_EXERCISE INSTRUCTIONS_
Pictures stay out. Everything else in the listing below gets written out exactly.

_DATASET EXCERPT_
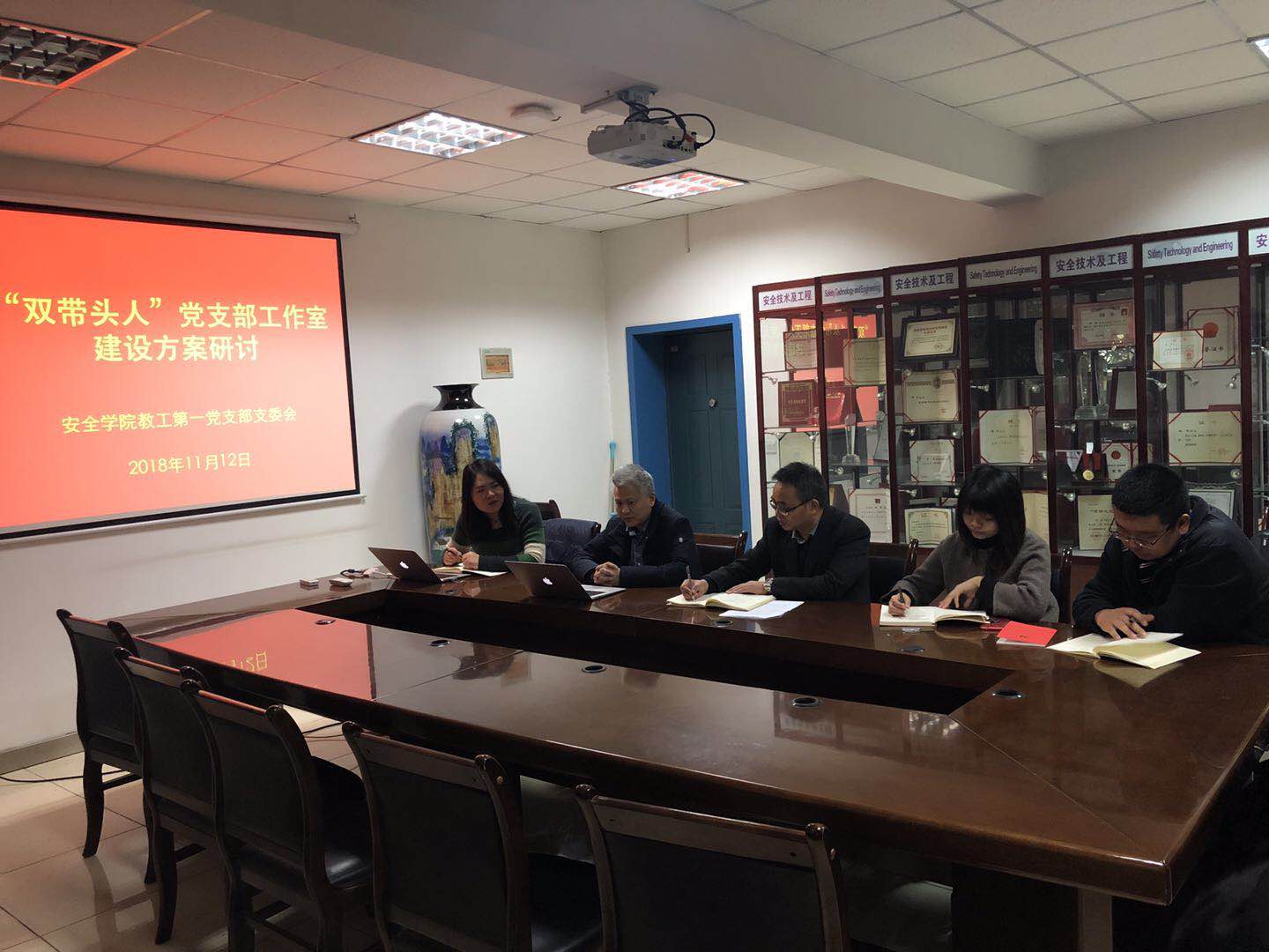 11月12日下午,体育365官网教工第一党支部组织召开“双带头人”党支部工作室建设方案研讨会,支部书记邓军、支部副书记王莉、支部委员李磊、严敏参加了本次会议,会议由公司党委书记兼常务副经理杜勇主持。
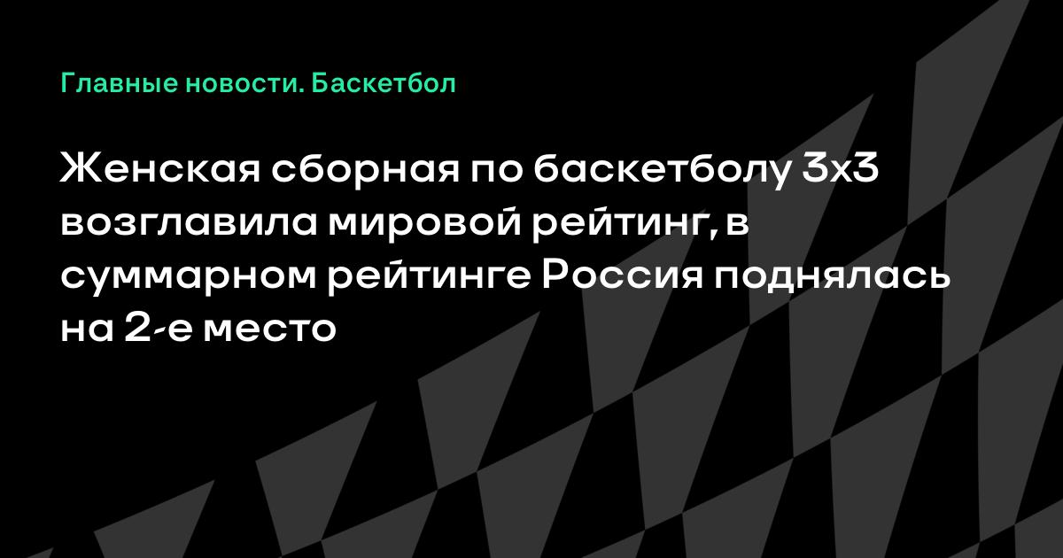 Женская сборная по баскетболу 3х3 возглавила мировой рейтинг, в суммарном рейтинге Россия поднялась на 2-е место
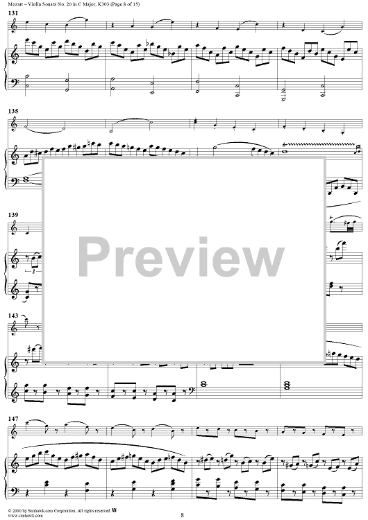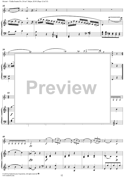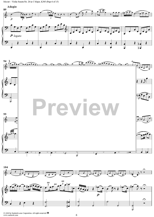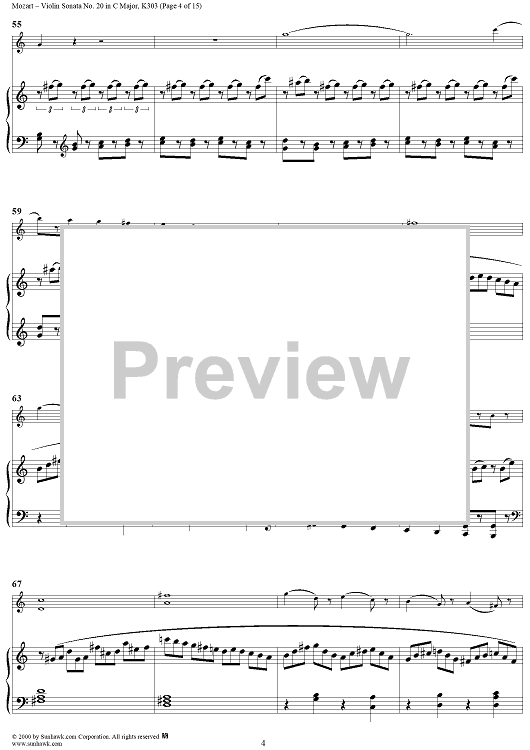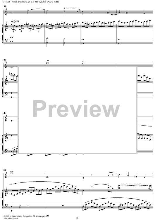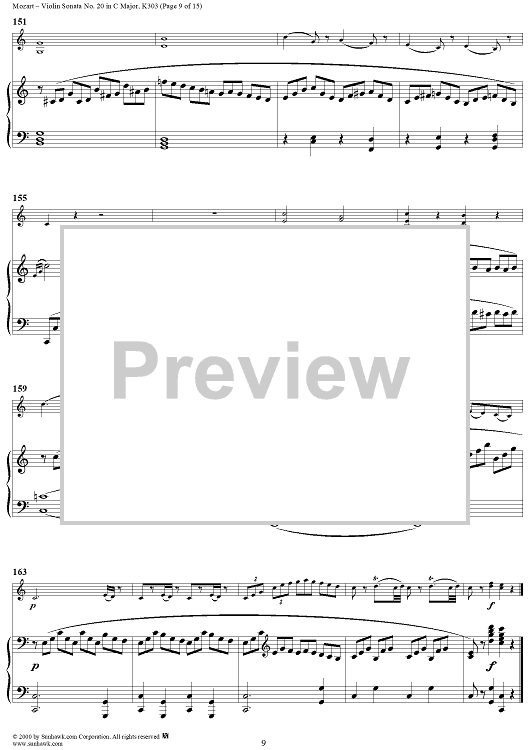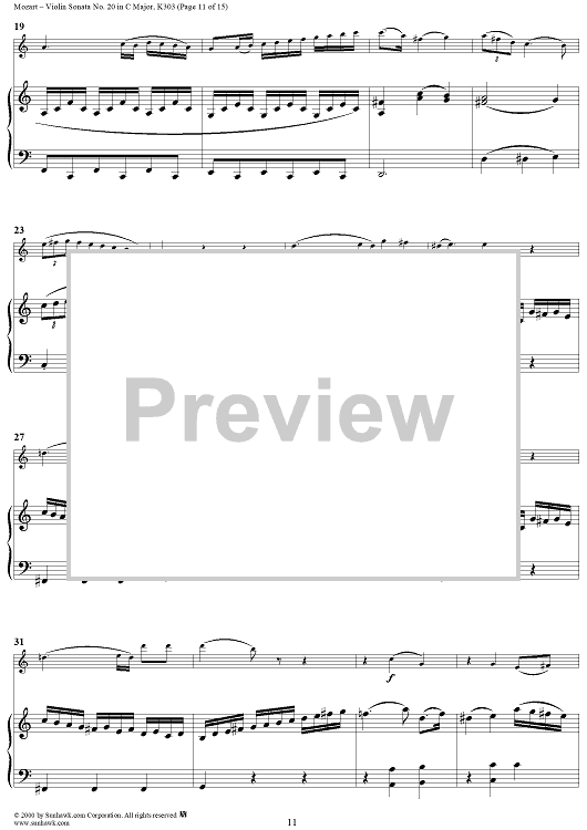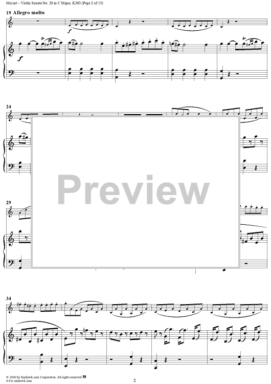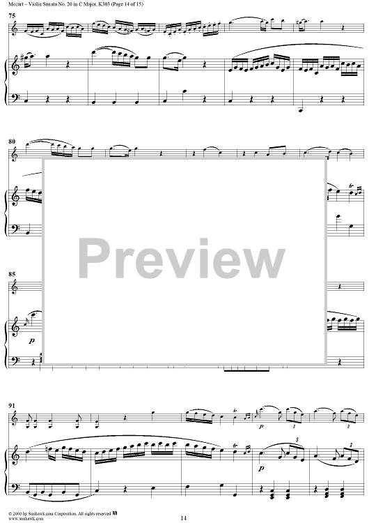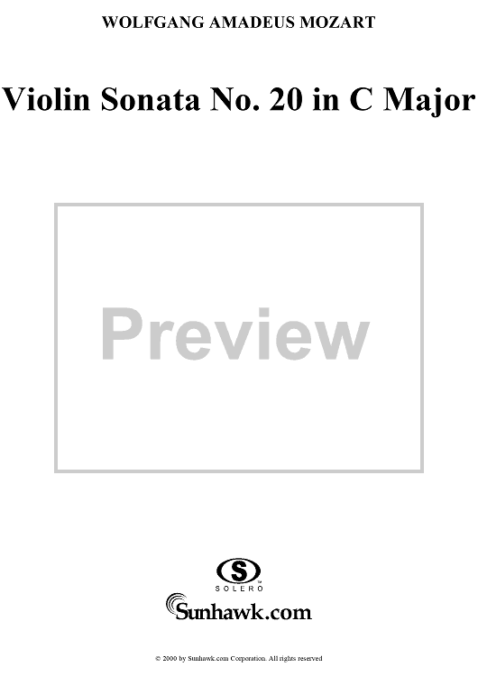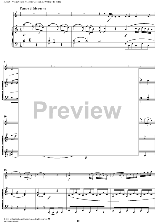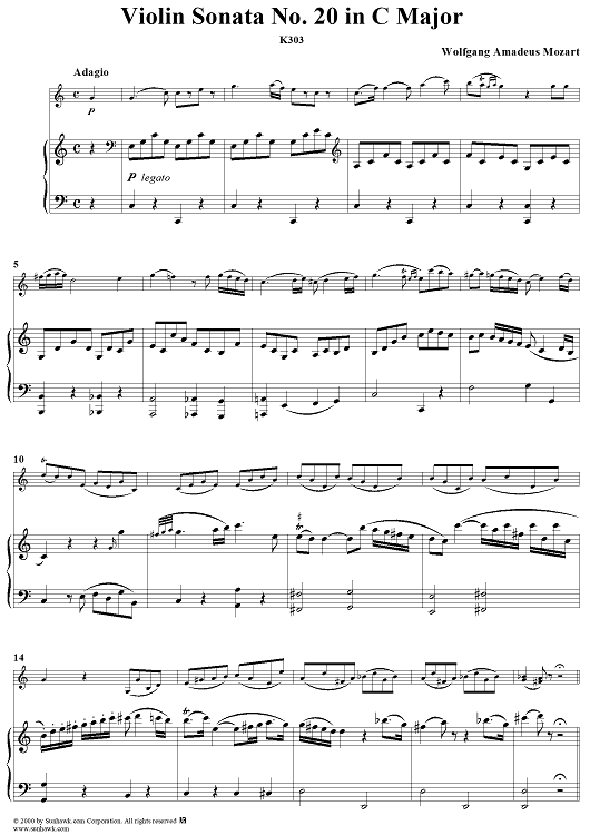 Digital Sheet Music for Violin Sonata No. 20 in C Major, K293c (K303) - Piano Score by Wolfgang Amadeus Mozart scored for Violin/Piano; id:265537

_EXERCISE ANSWER_
 11月12日下午,体育365官网教工第一党支部组织召开“双带头人”党支部工作室建设方案研讨会,支部书记邓军、支部副书记王莉、支部委员李磊、严敏参加了本次会议,会议由公司党委书记兼常务副经理杜勇主持。
 Женская сборная по баскетболу 3х3 возглавила мировой рейтинг, в суммарном рейтинге Россия поднялась на 2-е место
 Digital Sheet Music for Violin Sonata No. 20 in C Major, K293c (K303) - Piano Score by Wolfgang Amadeus Mozart scored for Violin/Piano; id:265537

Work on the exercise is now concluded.